Desde que comecei a estudar direito, sei que os alimentos são irrepetíveis. Não se devolvem, são verbas cujo pagamento, devido ou não, não ensejam a devolução pelo credor, em nenhuma hipótese. Não há o que falar em repetição de indébito se a verba é alimentar.

Também sei que os honorários de advogado são verbas de natureza alimentar. Quem me disse isso foi o próprio STJ, reiteradamente, em decisões com o EREsp 706331/PR de 2008 ou o REsp 948492/ES, de 2011. Nesse último, o Min. Sidnei Beneti autorizou desconto em folha de pagamento do devedor de honorários de sucumbência, alegando que o crédito de honorários do advogado, seja ele oriundo de contrato ou sucumbência, tem natureza alimentar.

Se honorários são alimentos, consequentemente, são irrepetíveis. Nem mesmo o pagamento indevido levaria ao dever de, por parte daquele que recebeu, restituição ao que pagou.

Mas parece que o próprio STJ não sabe bem o que é verba alimentar, ou entende que pode flexibilizar os alimentos quando eles são decorrentes de atividade advocatícia. Ao decidir que os honorários sucumbenciais devem ser devolvidos em caso de procedência de ação rescisória, o STJ cria uma exceção perigosa para a irrepetibilidade das verbas alimentares ou demonstra total desprezo pela justa remuneração do labor do advogado.

No caso, a empresa autora da rescisória obteve êxito na demanda e buscou, em seguida, a devolução dos honorários sucumbenciais pagos ao advogado da parte vencedora na demanda que originou a sentença rescindida. A 3ª Turma do STJ, por maioria, decidiu pela possibilidade da devolução, obrigando que os herdeiros do advogado que recebeu a sucumbência devolvessem os valores.

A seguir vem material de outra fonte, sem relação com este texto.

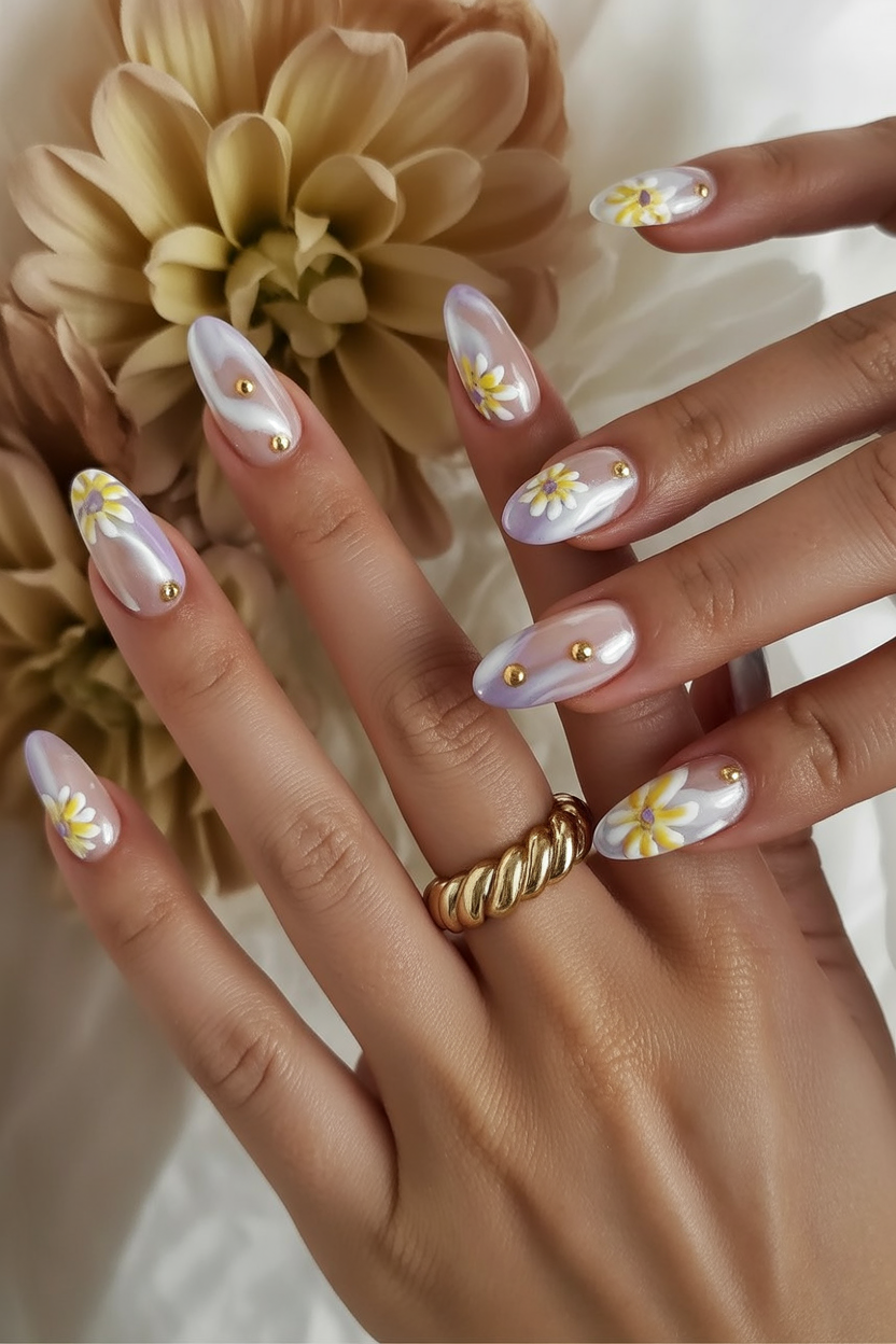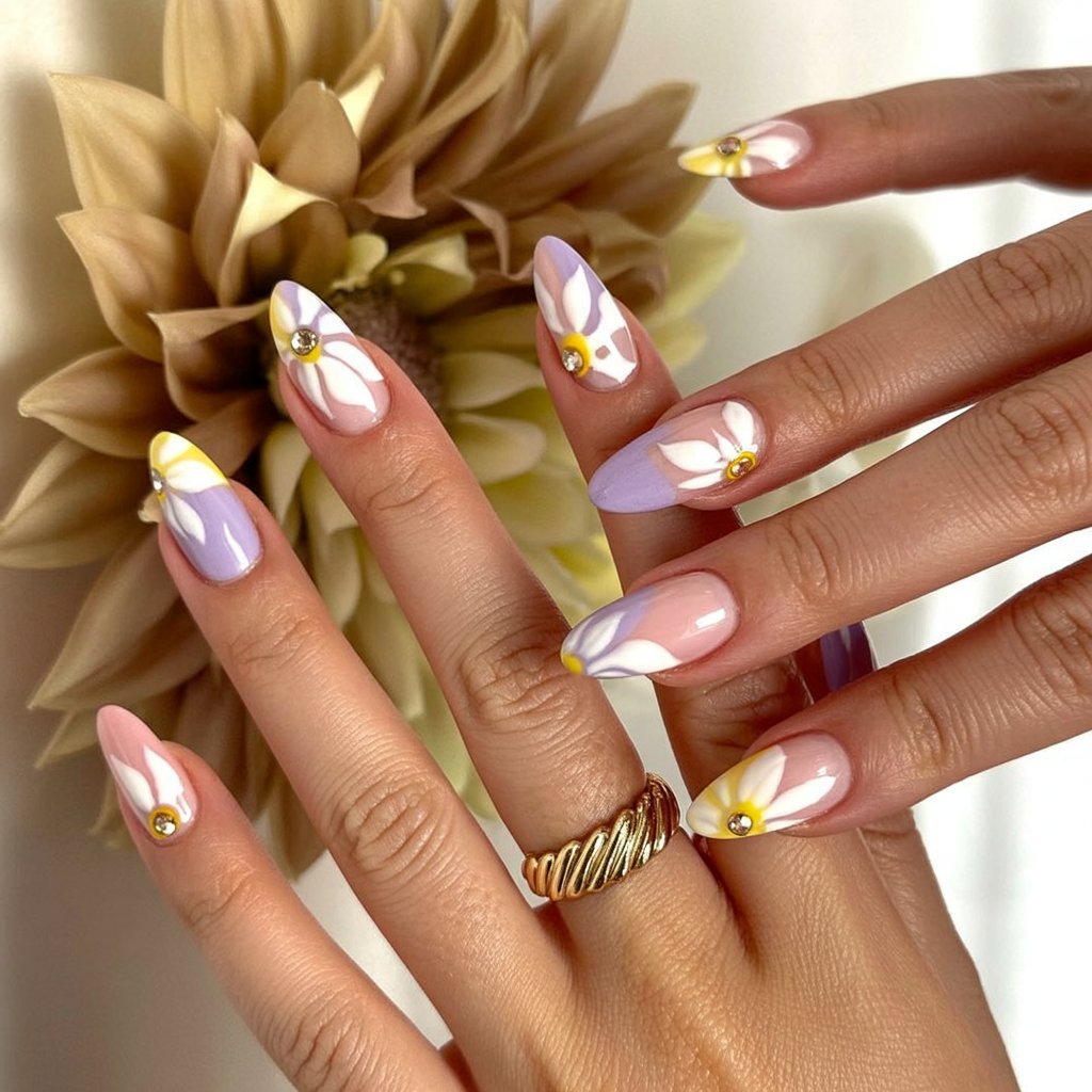 These nails feel soft, romantic, and quietly joyful. The pastel mix paired with hand-painted florals gives off a gentle, artistic vibe that feels thoughtful rather than trendy. There’s something calming about this design, like fresh flowers on the kitchen table. It’s delicate, feminine, and full of spring charm without feeling overdone.

O relator do recurso, Min. Villas Bôas Cueva, coerentemente negou o pedido da empresa recorrente por considerar que o recebimento de boa-fé e a natureza alimentar dos honorários impediria a devolução dos valores recebidos pelo advogado. Alegou que entendimento contrário mitigaria a credibilidade no Judiciário e violaria a própria dignidade humana. Mas foi minoria, ao final, uma vez que os ministros revisores entenderam o contrário.

A decisão em comento contradiz a própria jurisprudência do tribunal. Talvez precise o STJ refletir mais sobre a gravidade de se criar precedentes contraditórios na vigência de um Código de Processo Civil que visa a valorização dos precedentes.